Question 1
1,200 words limit
(a) [20%]
A researcher estimates using a random sample of workers the following log wage
regression
log(wagei) = β0 + β1 Si+ β2 sibsi + β3 wexpi + β4 (wexpi)
2 + ui, (1.1)
where i is the subscript for individuals and goes from 1 to n, log(wagei) is the natural
logarithm of hourly wage, Si is schooling in number of years, sibsi is the number of
siblings and wexpi is the number of years of work experience. Provide details on the
interpretation of the coefficients. Explain why schooling Si could be endogenous and
describe a potential cause of this endogeneity. Explain why the ordinary least squares
estimator of model (1.1) is biased and inconsistent. More points will be given for a
formal explanation. Make sure to adapt formulas and discussion to model (1.1).
(b) [15%]
Define two different instruments that could be used for schooling Si to solve the issue
of endogeneity in model (1.1).

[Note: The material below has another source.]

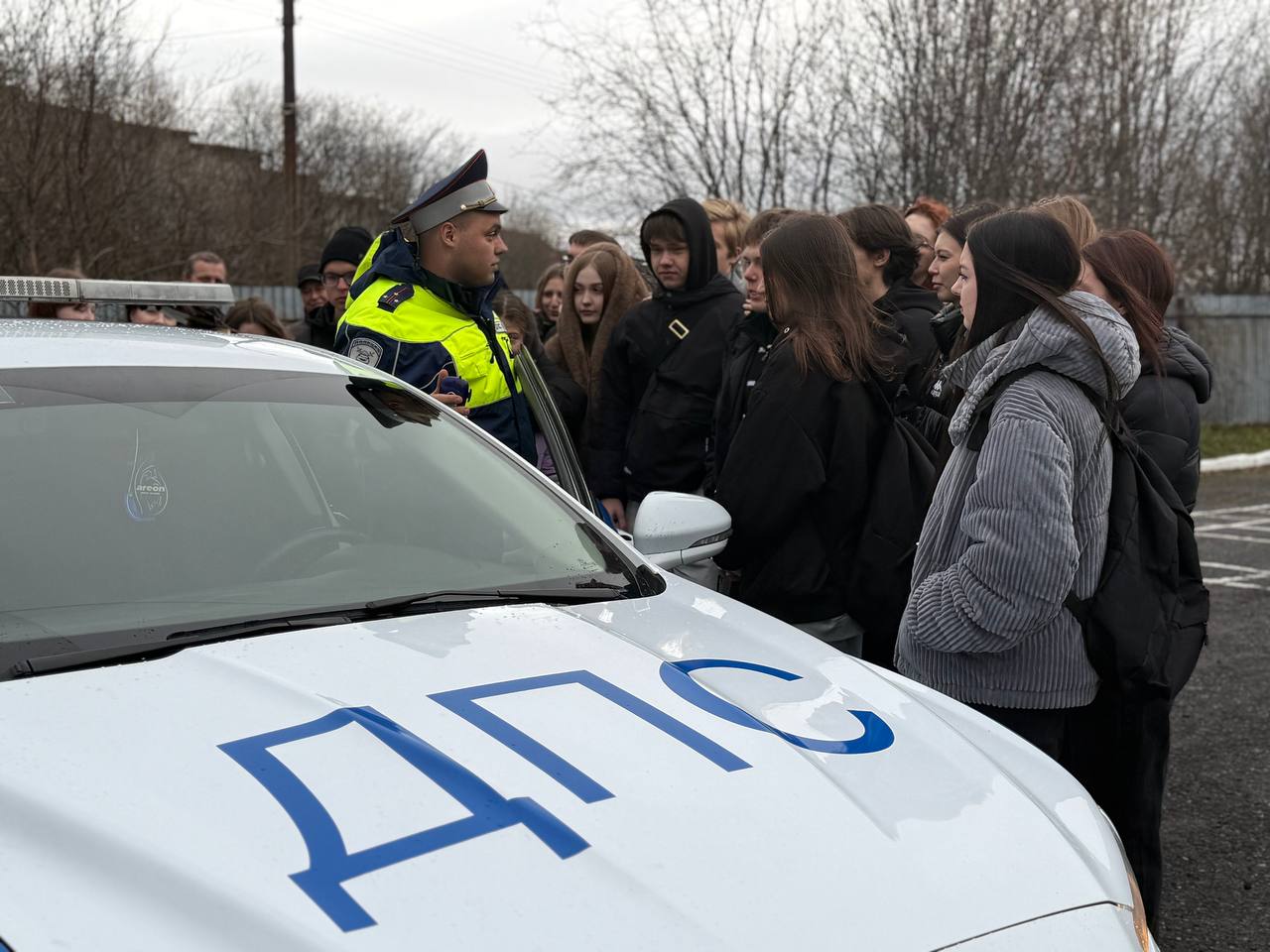 Для полного погружения в специфику службы полицейские организовали для студентов демонстрацию служебного автомобиля ДПС.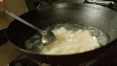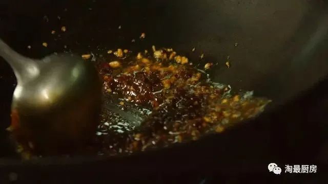 下油锅,放牛肉、豆豉等调料,并放肉汤

Define the formula for the two-stage least squares
estimation for model (1.1) using the two instruments you proposed and explain how
the first and second stages’ estimations are computed. Make sure to adapt formulas
and discussion to model (1.1).
(c) [20%]
Explain what assumptions your instrumental variables must satisfy to produce a
consistent estimation of model (1.1). Explain why you think the two instruments
proposed in (1.b) are satisfying these assumptions. Show that the instrumental
variable estimation defined in (1.b) is consistent under these assumptions.
(d) [20%]
Explain how you would test for the validity of your instrumental variables. Explain also
how you would test for whether there is an endogeneity issue in your model. Provide
details on how you would perform these tests for model (1.1).
(e) [25%] The researcher decided to estimate model (1.1) using two-stage least squares
estimation and instrumenting schooling with the birth order (brthord), which is a
variable taking value 1 if the individual is a first-born child, 2 if he/she is a second-born
child, and so on. Do you think it is a valid instrument? Notice that the model is
conditional on sibs so variation in brthord is not explained by the number of siblings.
Explain in detail your answer first under the assumption that brthord is moderately
correlated with sibs and then under the assumption that the correlation between brthord
and sibs is almost 1.
Page 4 of 9
Question 2
1,200 words limit
(a) [30%]
Discuss an empirical example of a panel data model where you would use a fixed effect
estimation rather than a random effect estimation. The example must consider a
panel data of children but you are free to consider any dependent variable. You could
consider e.g. school test scores, cognitive skills, socio-emotional skills, health
outcomes, level of competitiveness, measure of social skills, average wage for the
aspired occupation, parental time investment in the child, expenditure in child private
tuition, child health expenditure, hours of physical activity per week, time spent in
school, calories intake per day, height, birth weight, BMI, days of absence in school,
etc. Write the regression equation and provide details on the dependent and
explanatory variables, on the error term and on the interpretation of the coefficients.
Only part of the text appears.